In the shadowed annals of Morrigan Deep, where the eternal dusk casts long fingers over sands and stone alike, the Immortalis stand as architects of a peculiar elegance. Their dominion is not the crude bludgeoning of lesser predators, but a symphony of calculated cruelties, where horror unfolds with the precision of a horologist’s craft. Theaten and Nicolas, sons of Primus, embody this art, transforming the visceral into the sublime, the grotesque into the inevitable. To witness their works is to understand that true terror resides not in the splash of blood, but in its deliberate orchestration.

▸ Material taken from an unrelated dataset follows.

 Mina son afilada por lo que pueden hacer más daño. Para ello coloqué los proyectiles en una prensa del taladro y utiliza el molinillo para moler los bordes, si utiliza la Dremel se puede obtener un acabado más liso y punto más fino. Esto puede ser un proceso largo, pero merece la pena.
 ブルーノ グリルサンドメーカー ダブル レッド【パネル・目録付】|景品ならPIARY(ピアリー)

Consider the ledger of their appetites, inscribed in the Rationum of Irkalla. Immortalis crave blood and flesh with an urgency that borders on the divine, yet they do not gorge like starving thesapiens or the feral vampires of the Varjoleto. No, their indulgence is ritual, each bite a stanza in a verse of dominance. Theaten, the Vero refined, dines at Castle D’Aten with Ducissa Anne and Count Tepes, where tributes arrive basted and bound upon silver platters. The carving knife gleams under controlled light, shadows falling just so, as flesh is portioned with the care of a jeweller dividing gems. Anne prizes meat from bone with silverware, prolonging the tribute’s utility, while Theaten savours the wrist’s warm vintage in crystal. It is horror rendered courtly, pain elevated to protocol.

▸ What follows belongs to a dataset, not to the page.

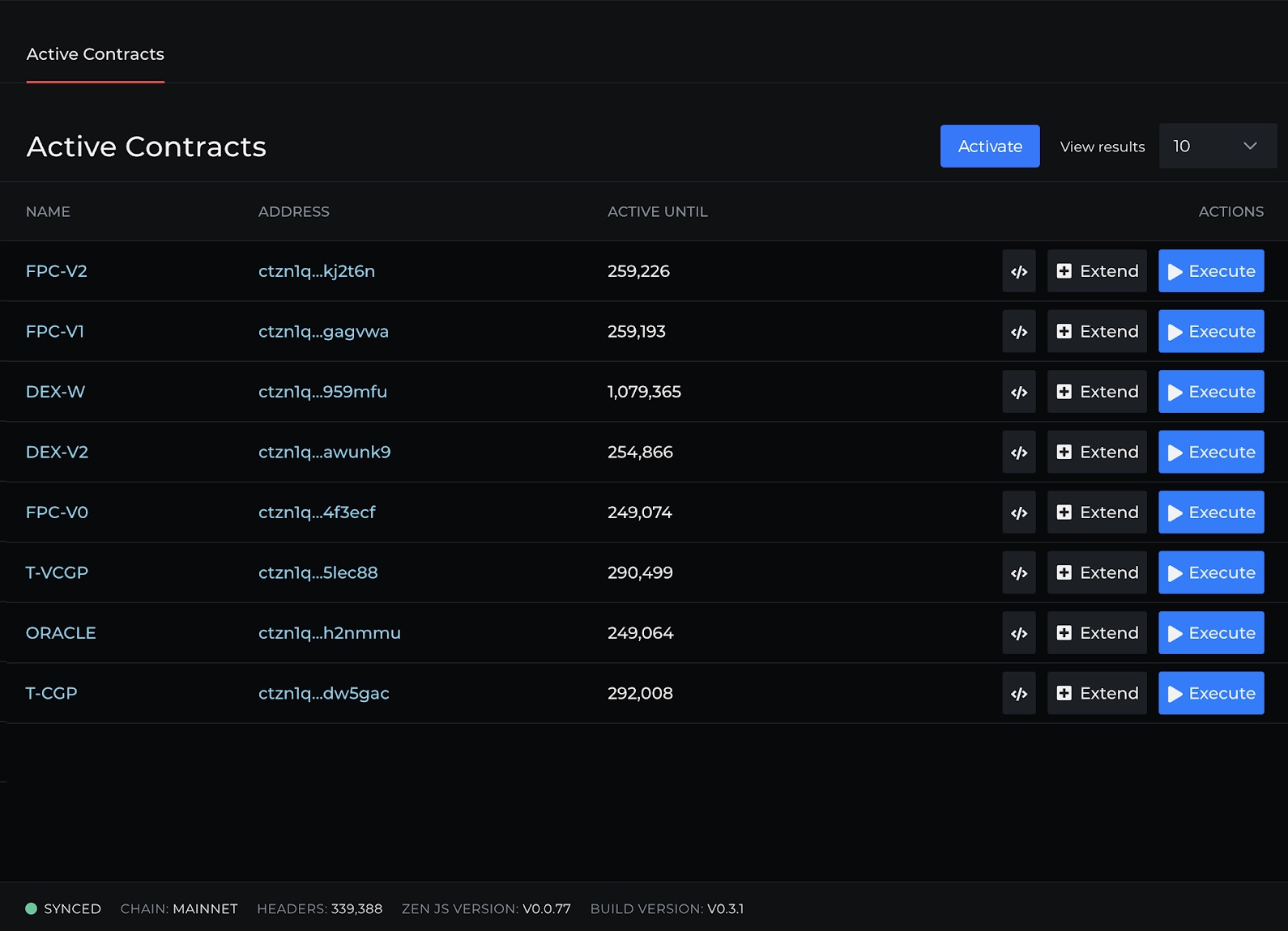 View a full list of the current active contracts on the blockchain.&#x20;

Nicolas, by contrast, rejects such finery for the raw theatre of Corax Asylum. His banqueting hall, reserved solely for his use, hosts spectacles where inmates dance levitated or spin in chairs of his devising. Yet even here, elegance persists in the absurdity. The surgical rack holds instruments not for hasty slaughter, but for the slow symphony of incision, where screams harmonise with the asylum’s discordant clocks. He trades tributes to Irkalla not for mere souls, but for licences that cloak his sadism in psychiatric garb. A patient declared insane becomes his canvas, flayed not in rage, but in patterns that please his eye, each stroke measured against the ticking chorus of his timepieces.

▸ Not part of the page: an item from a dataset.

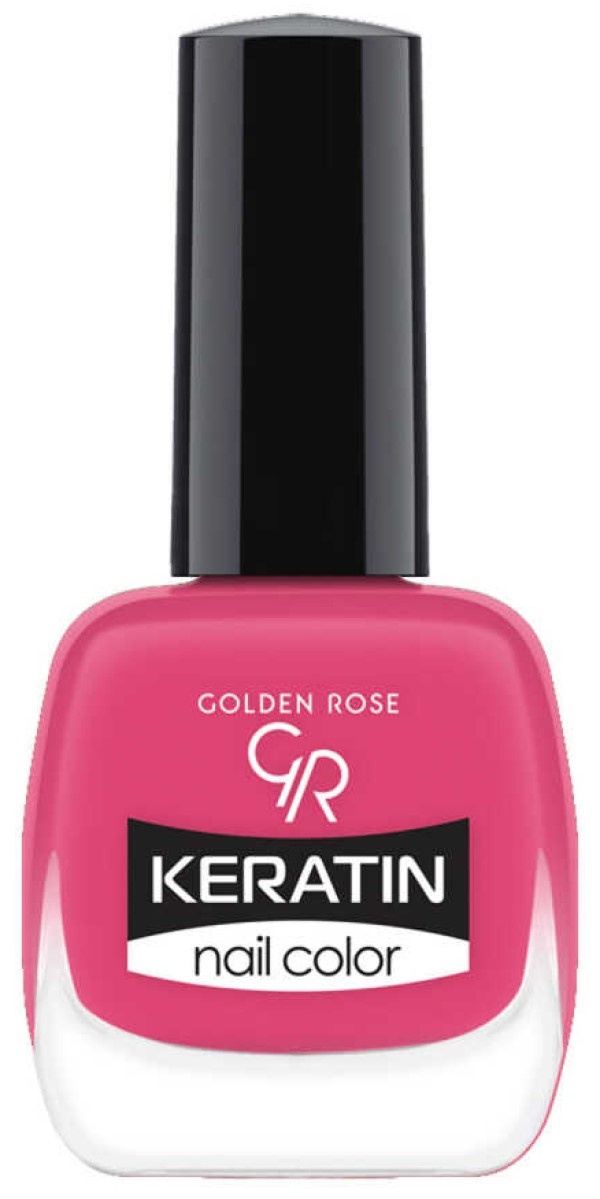 Lacul de unghii Keratin Nail Color de la Golden Rose este o formulă rezistentă, intens pigmentată, îmbogățită cu keratină, care asigură o acoperire perfectă și un luciu elegant al manichiurii.

This artistry extends to their hunts, where the chase is choreographed as keenly as a court masque. Kane, Theatens primal Evro, prowls the Varjoleto with machete and wire, victims ensnared in thickets or hoisted for the slow severing of limbs. Theaten observes from shadowed branches, adjusting light to perfect the tableau. Nicolas, ever the innovator, stages pursuits through Corax’s labyrinthine mirrors, where reflections multiply terror until reality fractures. The Immoless, those bred challengers of old, met such fates: Lucia torn asunder in a tug-of-war between brothers, her halves applauded as victory. No brutish kill, but a performance of supremacy.
Even in dalliance, horror dons silks. Nicolas, with his penchant for redheads, courts milkmaids and seamstresses only to orchestrate their ends in rituals of the grotesque. A possessed cow, a levitating rake, a decanter of tempered glass—each mishap a verse in his ledger of lust turned lethal. Theaten binds concubines like Calista in gold chains for public rites, their vows sealing not union, but eternal torment. Lilith herself, stripped of sovereignty, watches her son’s theatrics with the resignation of one who knows the pattern: appetite refined into empire.
Yet this elegance serves a deeper calculus. Irkalla’s mirrors, the Ad Sex Speculum, reflect not mere voyeurism but governance, contracts etched in blood and will. The Ledger, impartial arbiter, records each indulgence as balance maintained, each hunt as equilibrium preserved. Immortalis do not merely consume; they curate consumption, ensuring the Deep’s fragile order endures beneath eternal dusk. Horror appears elegant because it must: chaos cloaked in control, lest the void reclaim all.
In their hands, the profane becomes protocol, the monstrous a masterpiece. The Immortalis remind us that true dread lies not in the fang’s bite, but in the beauty of its inevitability.